GIVEN DATA:
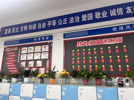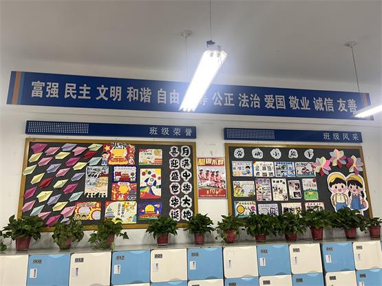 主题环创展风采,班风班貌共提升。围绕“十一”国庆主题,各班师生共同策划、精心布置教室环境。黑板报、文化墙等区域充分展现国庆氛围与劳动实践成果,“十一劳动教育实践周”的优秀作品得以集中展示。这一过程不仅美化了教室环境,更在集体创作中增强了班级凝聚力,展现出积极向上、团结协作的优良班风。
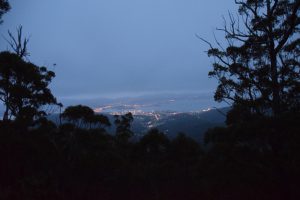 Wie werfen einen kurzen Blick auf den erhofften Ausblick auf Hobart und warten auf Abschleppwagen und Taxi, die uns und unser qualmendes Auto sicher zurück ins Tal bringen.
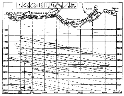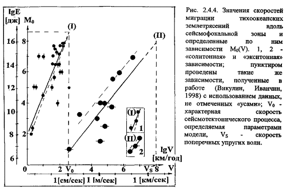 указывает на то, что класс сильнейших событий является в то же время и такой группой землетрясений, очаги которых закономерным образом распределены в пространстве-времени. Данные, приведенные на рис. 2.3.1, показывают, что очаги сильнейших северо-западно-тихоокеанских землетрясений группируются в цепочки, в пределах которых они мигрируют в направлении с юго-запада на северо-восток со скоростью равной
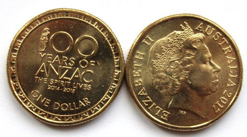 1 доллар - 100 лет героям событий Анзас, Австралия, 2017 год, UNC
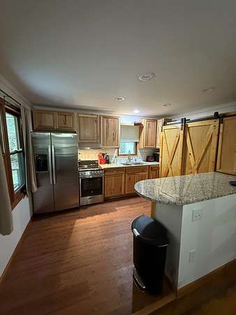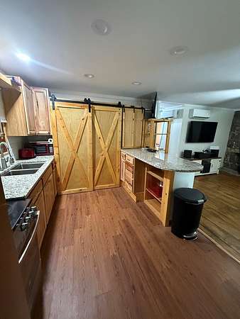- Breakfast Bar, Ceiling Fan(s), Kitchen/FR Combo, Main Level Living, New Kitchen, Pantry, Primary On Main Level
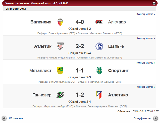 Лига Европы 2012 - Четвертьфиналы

* * *

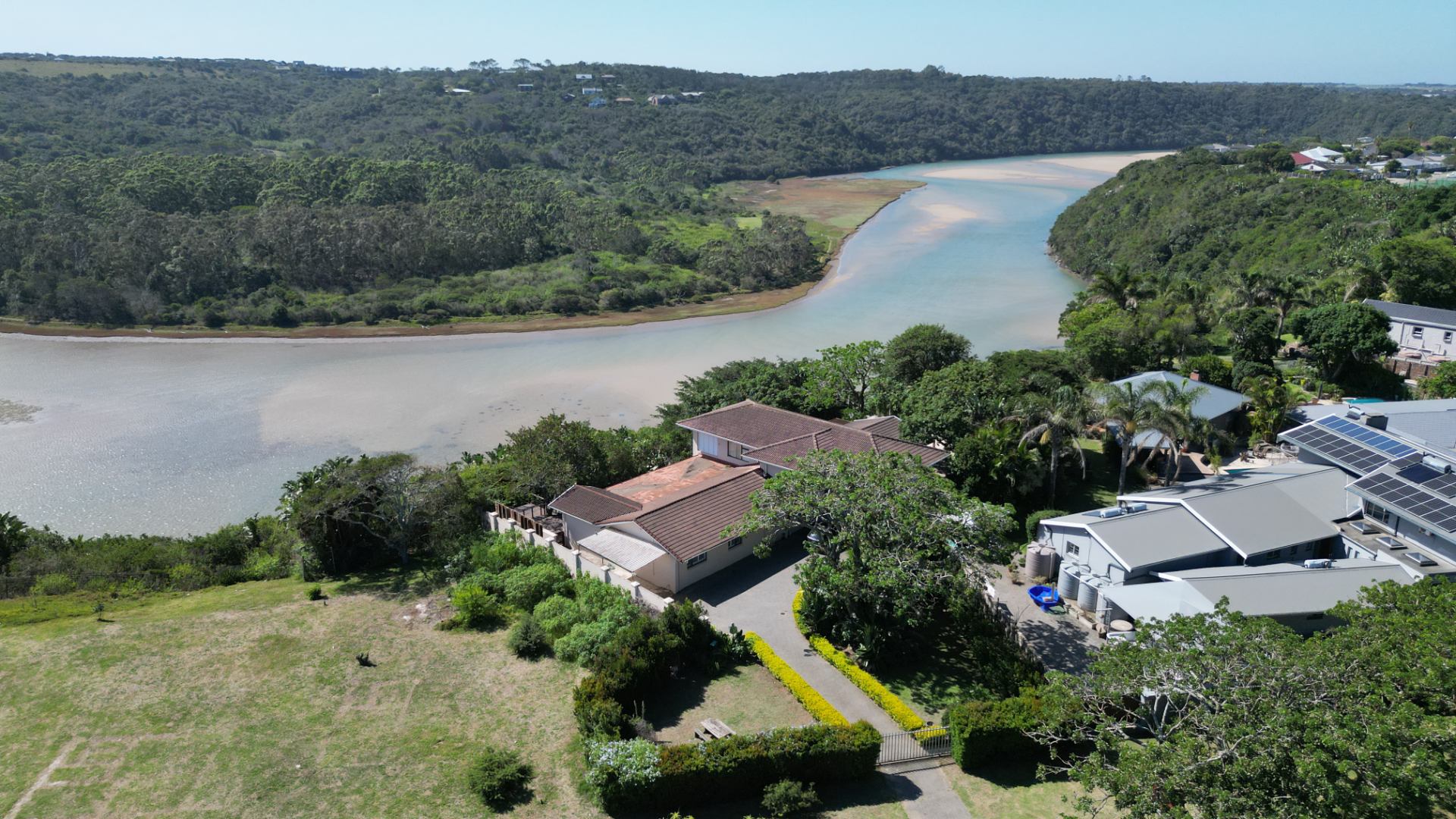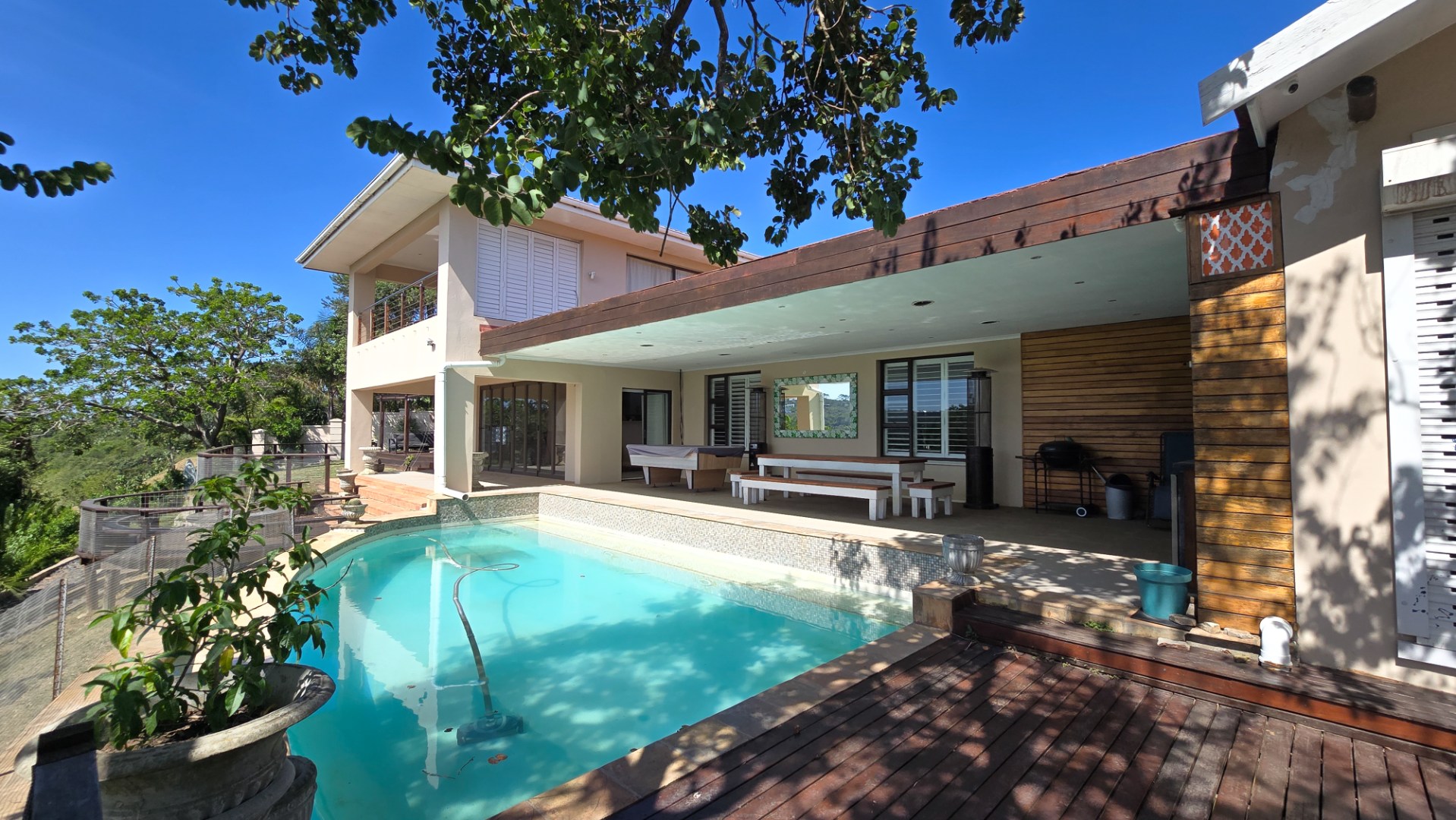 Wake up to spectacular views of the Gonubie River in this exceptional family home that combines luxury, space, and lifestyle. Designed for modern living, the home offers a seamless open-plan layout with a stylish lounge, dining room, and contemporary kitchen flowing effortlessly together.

INSTRUCTIONS TO FOLLOW:
Having found the line with "主题环创展风采,班风班貌共提" and the line with "Wie werfen einen" in the material above, write out exactly those two and every line between, leaving the pictures out.

TASK SOLUTION:
 主题环创展风采,班风班貌共提升。围绕“十一”国庆主题,各班师生共同策划、精心布置教室环境。黑板报、文化墙等区域充分展现国庆氛围与劳动实践成果,“十一劳动教育实践周”的优秀作品得以集中展示。这一过程不仅美化了教室环境,更在集体创作中增强了班级凝聚力,展现出积极向上、团结协作的优良班风。
 Wie werfen einen kurzen Blick auf den erhofften Ausblick auf Hobart und warten auf Abschleppwagen und Taxi, die uns und unser qualmendes Auto sicher zurück ins Tal bringen.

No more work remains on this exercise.